Allen relates that over the past year or so, five of her close friends have died. These un-looked for events coming so much earlier in life than anticipated press forcefully the tentative nature of life upon those who remain. This mid-life questioning of the meaning and purpose of existence have become a focal point of investigation in her work. “The black figural series of a few years ago was about personal growth, the role of the Jungian shadow, or denied self, and the importance of dreams,” says Allen. “The new work sparkles with passion and renewed commitment. It is more optimistic and yet still dreamy and introspective. It recognizes the importance of humor and the need to detach. While the shadow series was about understanding the past and facing death, my current work hints at a desire to believe in magic and the need to live in the now.”
When asked what she thinks she is most proud of in her career, Von immediately responds - “my students.” For over 23 years, Von Allen has been the backbone of the ceramics program at Brigham Young University. When she was hired she was charged to build a credible program, and set to work building just that. Her students have gone on to win many awards and position among which include: full time faculty appointments at universities and community colleges, graduate fellowships at Washington University (MO), Tyler School of Art (PA), Ohio State University (OH), School of the Art Institute of Chicago (IL), Assistantship to Southern Illinois University (IL), Some of her students are now represented in museum collections in the eastern US, and a regular winners of national ceramic competition awards. Allen created a unique and highly energized studio program at the university that was and is a seed-bed of creativity and synergy.

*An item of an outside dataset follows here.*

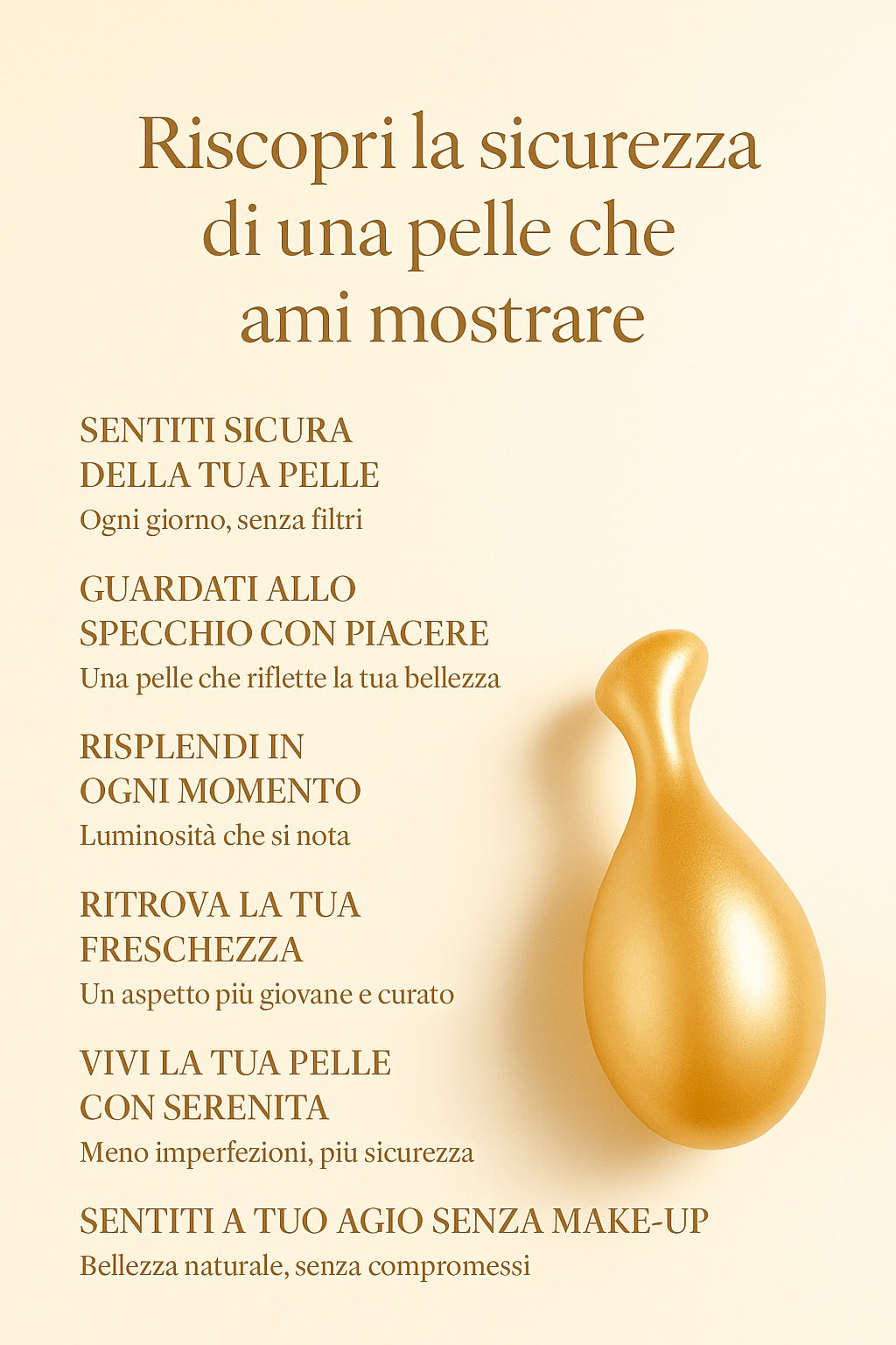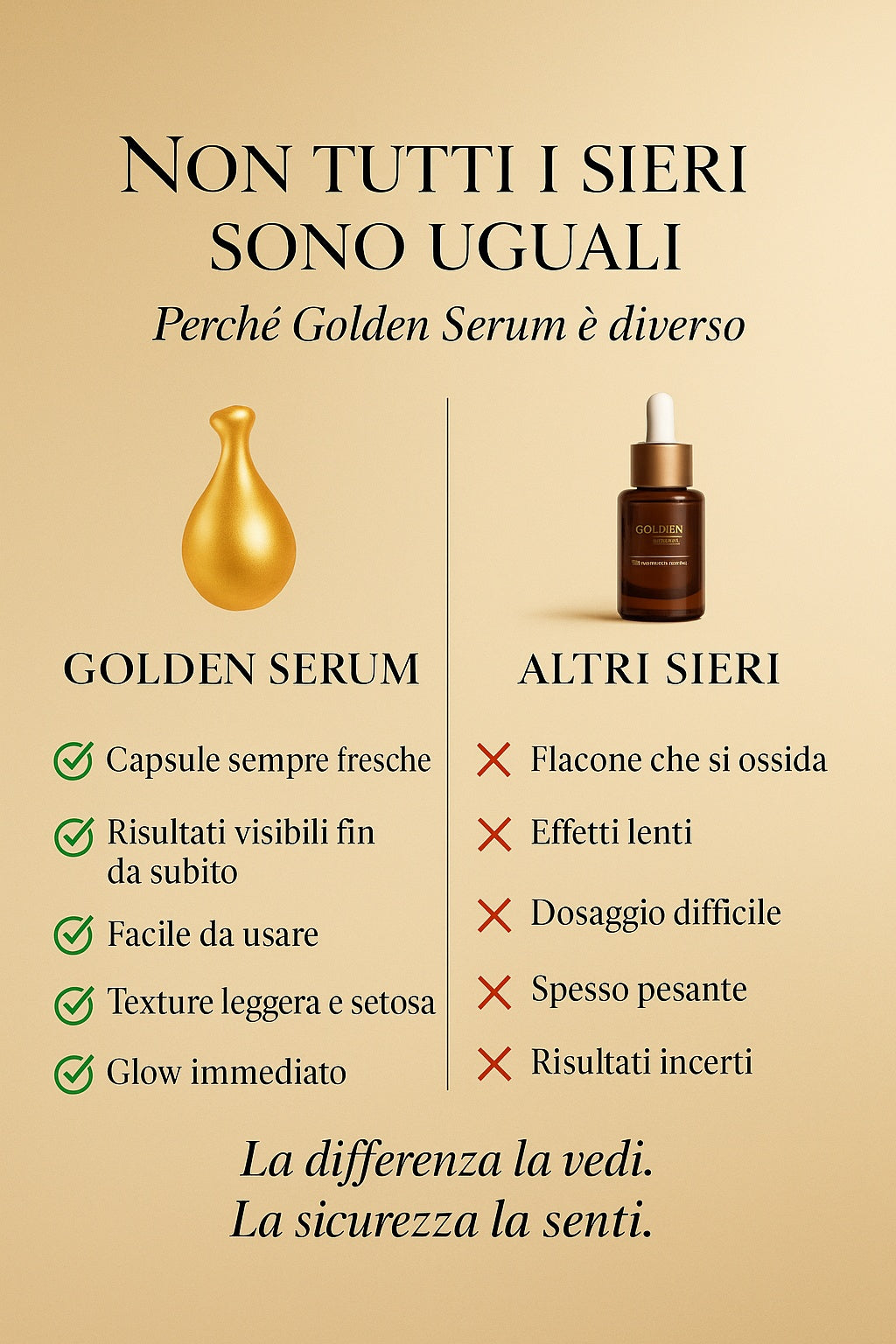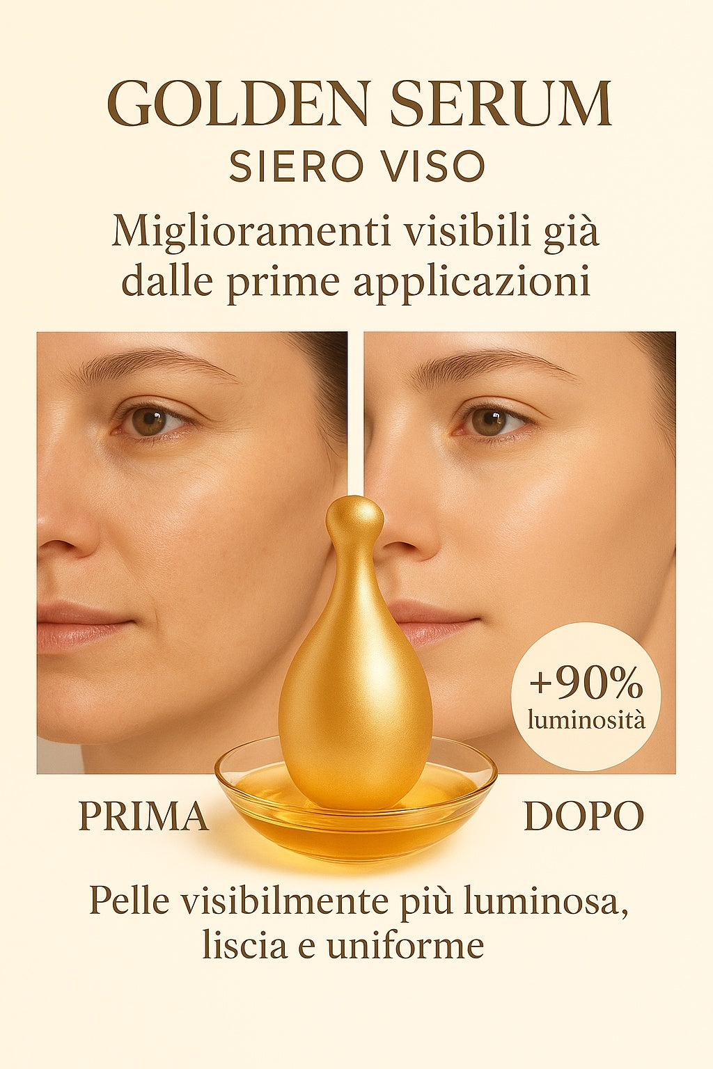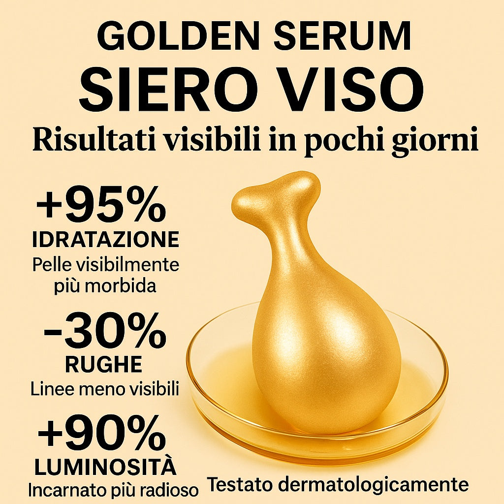 Golden Serum è un trattamento viso in capsule monodose ad alta concentrazione, formulato per migliorare visibilmente luminosità, compattezza e uniformità della pelle fin dalle prime applicazioni.

For her own part, Von Allen has been an active participant in national exhibitions as well as presenting papers and lectures in many venues. She has exhibited extensively across the United States. Among her exhibitions are: Craft Art Western New York 2006, The Museum for Western new York Arts, Burchfield-Penny Center, Buffalo State College, Buffalo, NY; Convergence, 2004, South Carolina State Museum, Columbia, SC.; The Southeastern College Art Conference Group Award for Outstanding Exhibition and Catalogue of Contemporary Materials for the Convergence exhibition; National Council on education in Ceramic art (NCECA) Clay National, 1997, Juried, Marjorie Barrick Museum of Natural History, Las Vegas NV.; Ceramics USA, 1996, National Juried, North Texas University, Denton, TX - among many other exhibitions.
Her constant vigilance in matters of philosophical relevance to artistic concerns has gained her a broad reputation as a significant contributor in the national discourse of contemporary arts.
A native of Union City, Pennsylvania, she attended Edinboro University of Pennsylvania receiving a Bachelors and Masters of Science in art education (1976). In 1970, she spent a year studying philosophy at the University of Liverpool in England. In 1983 Allen completed a Master of Fine Arts degree at Syracuse University (NY), and subsequently started teaching at BYU. Allen was a guest artist at Glasgow College of Art in Scotland (1991), and received a 6 month residency grant at the Banff Center for the Arts in Alberta, Canada.